Please just re-check and correct the usage of abbreviations in some places (ex. dorsal root ganglia organoids; DRGOs).
We thank the reviewer for the kind comments. We corrected the manuscript accordingly to the reviewer’s suggestions.
Reviewer 3 Report
This is a very interesting and innovative method to design two separate culture condition connected by the microfluid system to investigate cell-cell interaction.
This study revealed a topographic relation mimicking the sensory-epithelial connection on-a-chip assay in iPS dorsal root ganglion cells and keratinocyte. The results showed that the bulk and single cell transcriptomics expressed in each sensory neuronal cell type. This neuronal- epithelial circuitry provided a detailed analysis of the HSV infectivity modeling either its dynamics and cell type specificity. The reconstitution of an organized connectivity between human sensory neurons and keratinocytes into microfluidic chips provides a powerful in vitro platform to model viral latency and reactivation of human viral pathogens.

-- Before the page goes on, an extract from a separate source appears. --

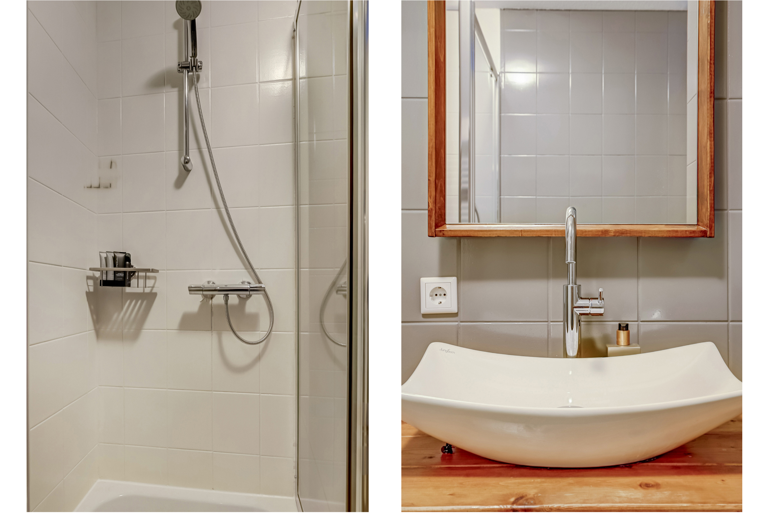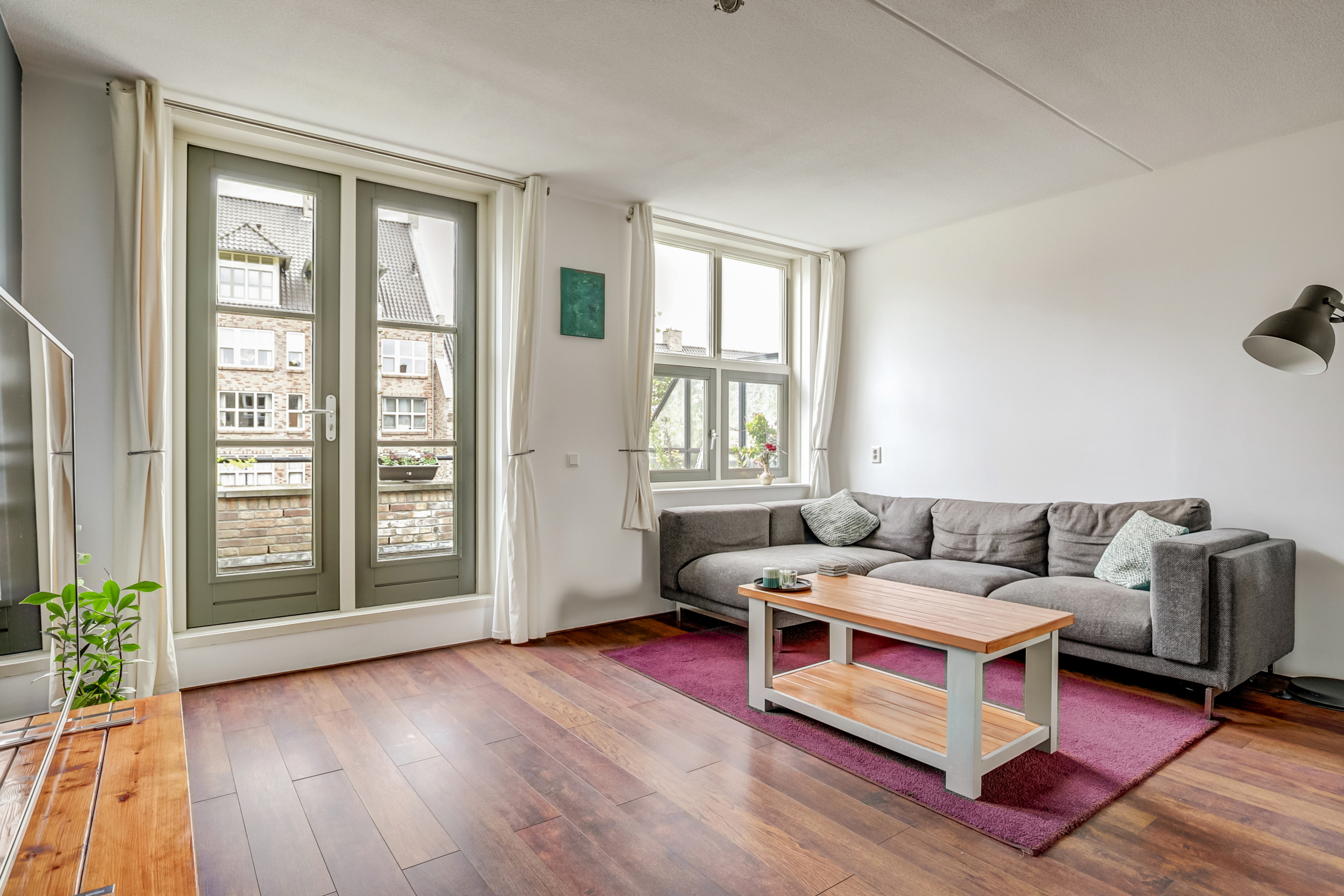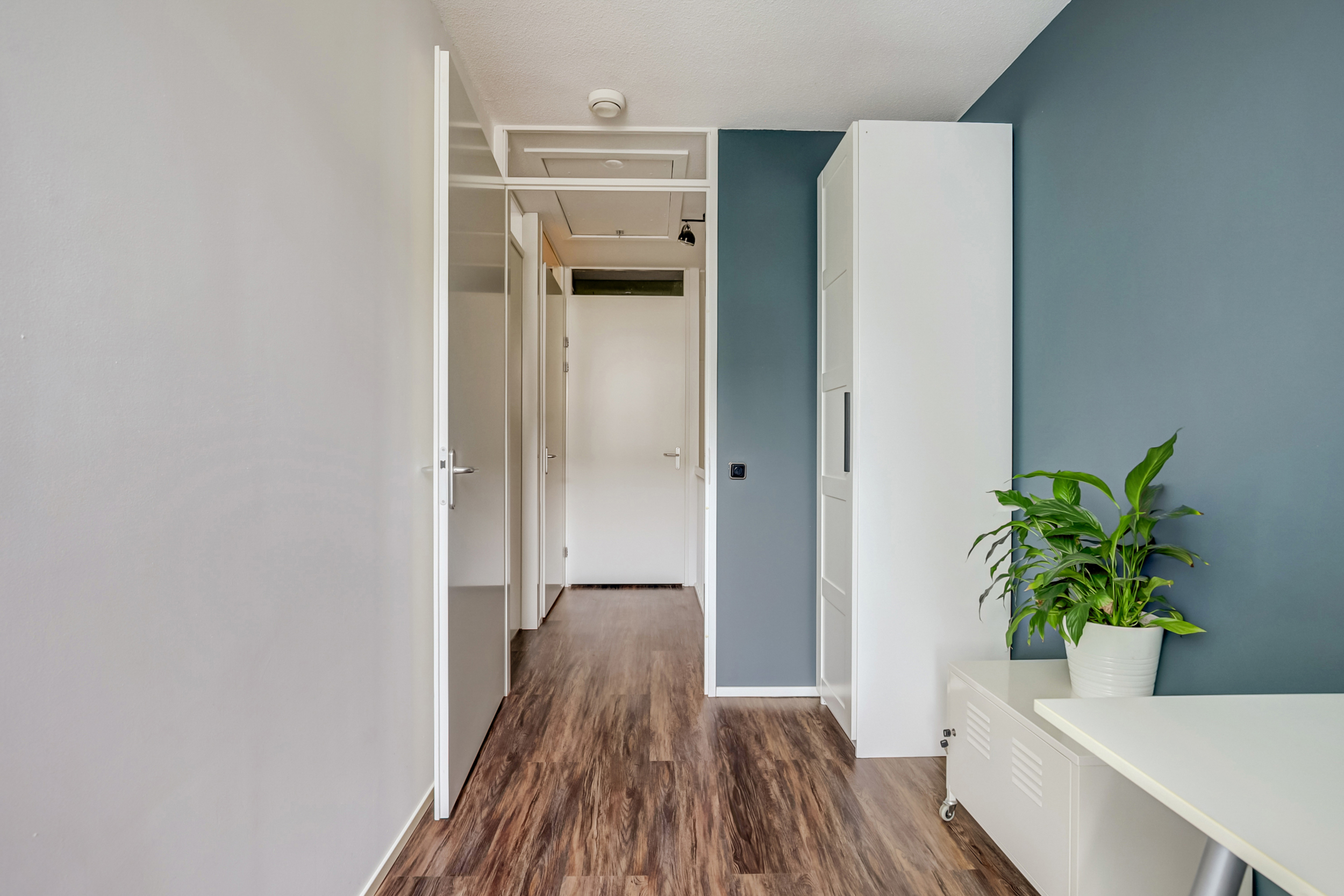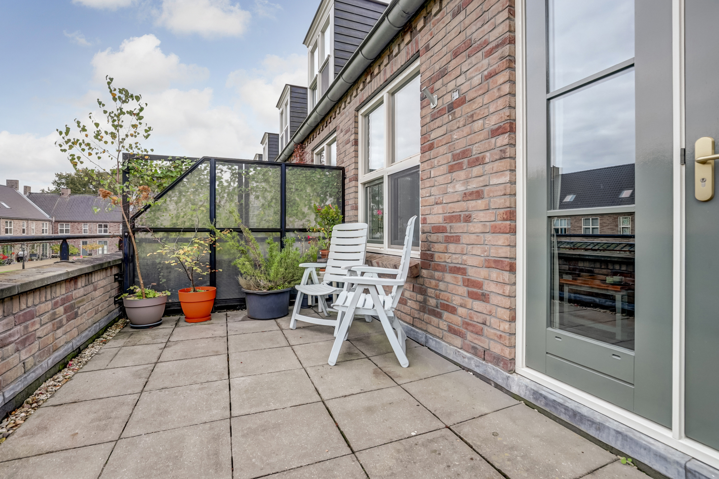 Op de eerste verdieping in de hal bevindt zich de toiletruimte met toilet en fonteintje. De lichte woonkamer is voorzien van een laminaatvloer en heeft een deur naar het terras (circa 15 m²) Dit balkon biedt ruimte voor een aantal plantenbakken en een ruime tuinset. Daarnaast biedt het voldoende privacy. Vanaf het terras is er een fraai uitzicht over de groene binnenplaats. De lichte, open keuken is ivoorzien van een uitgebreide inrichting in een neutrale kleurstelling. Het beschikt over een groot fornuis met afzuigkap en ingebouwd zijn een koel-/vriescombinatie en een vaatwasser. Daarbij beschikt de keuken over een enorme hoeveelheid opbergruimte.

The manuscript is well written and provides a reliable method to investigate the cell-cell interaction and the associated transcriptome expression. It should be published.
Author Response
This is a very interesting and innovative method to design two separate culture condition connected by the microfluid system to investigate cell-cell interaction.
This study revealed a topographic relation mimicking the sensory-epithelial connection on-a-chip assay in iPS dorsal root ganglion cells and keratinocyte. The results showed that the bulk and single cell transcriptomics expressed in each sensory neuronal cell type. This neuronal- epithelial circuitry provided a detailed analysis of the HSV infectivity modeling either its dynamics and cell type specificity. The reconstitution of an organized connectivity between human sensory neurons and keratinocytes into microfluidic chips provides a powerful in vitro platform to model viral latency and reactivation of human viral pathogens.
The manuscript is well written and provides a reliable method to investigate the cell-cell interaction and the associated transcriptome expression. It should be published.
We thank the reviewer for the kind comments.